Battle for South Belfast: Tough old bull triumphs, the young ‘pretender’ falls

Saving my usual series of where the parties stand analysis for next week, for now I want to do a short series of head dumps on the election.

First, that tough (and very dirty) battle for South Belfast.

There was a number of factors in this seat that made it hard to predict. When the DUP selected Junior Minister Jonathan Bell I thought it was a good choice. I still do.

His problem in getting ahead of Alasdair McDonnell was twofold.

One, incumbency has big advantages on recognition and likelihood of victory. And two, beyond Alliance, only the SDLP register statistically significant levels of cross community support.

A vigorous campaign by Sinn Fein’s Mairtin O’Muilleoir appeared to give Bell a leg up, by stealing a few bricks from the base of McDonnell’s nationalist vote pile.

But the whole electorate was highly fragmented. Specifically Bell had to get past three candidates to build his Jenga brick tower of votes higher than McDonnell’s.

Rodney McCune of the UUP, Bob Stoker now of UKIP who kept hold of a large chunk of the Village, and the Alliance party candidate Paula Bradshaw, the latter two both past UUP candidates here.

By the nature of the constituency (it is largely mixed and middle class with some working class loyalist clustering in The Village, Sandy Row and Taughmonagh) it was like scruming for votes in a thick mist.
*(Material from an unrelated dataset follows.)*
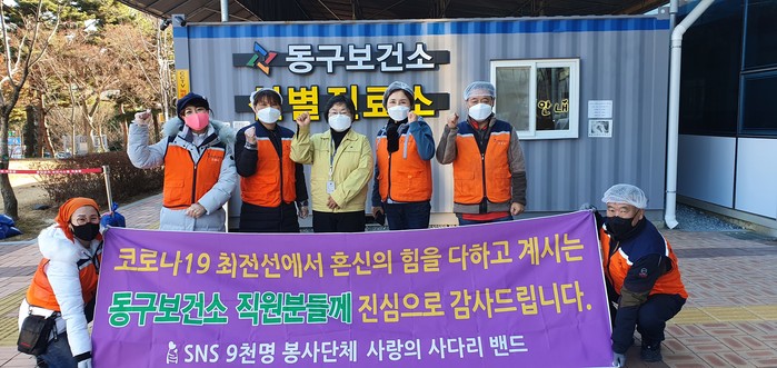 장선애 동구보건소장은 “오늘 사랑의 사다리 밴드 봉사단체에서 맛있는 통닭을 지원해 주어서 큰 힘과 위안이 된다.”면서 “동구보건소는 코로나19 종식을 위해서 최선을 다하겠다.”고 말했다.

The most puzzling aspect from the beginning was Sinn Fein’s apparent certainty that it could take the seat from McDonnell. So puzzled were we here at Slugger that we asked Salmon of Data to crunch the numbers.

His conclusion was unequivocal:

It is very difficult to imagine a path to Sinn Féin winning South Belfast. Essentially they are hoping for a Lazarus-like recovery of the UUP, and complete collapse of support for a sitting SDLP MP.

What he could achieve, certainly, is to do well enough to hand the seat to the DUP.

It is doubtful that too many tears would be shed at the decapitation of their electoral opponents, and it tempting to surmise that this the real reason behind running one of their most popular candidates in the constituency.

Oddly, given at times the wild optimism of Mairtin’s campaign, there was little sign of any SDLP collapse in South Belfast or anywhere else.

And yet O’Muilleoir pushed this scenario right up to twelve o’clock on polling day when he tweeted this message on his own Vine…

At first I thought it was a just piece of fun, but watching it now it seems he was serious. He later called it his ‘positive strategy’, although in reality it smacked a little more of desperation than genuine political confidence.

With just over six thousand votes between seventh placed Bob Stoker and the SDLP poll topper, O’Muilleoir found himself in the lower end of that range in fourth place.

Some pundits are writing this down as the lowest total ever gained by a winning MP. But that’s a lazy analysis which belies what was a very tough and attritional battle.

In the process McDonnell, who is certainly not the slickest or most sure footed of Northern Ireland’s politicians, has proven himself one of Northern Ireland’s toughest.

In the ‘dirty peace’ of Northern Ireland, that toughness will need to be replicated across the party if a viable future for the SDLP is to be secured.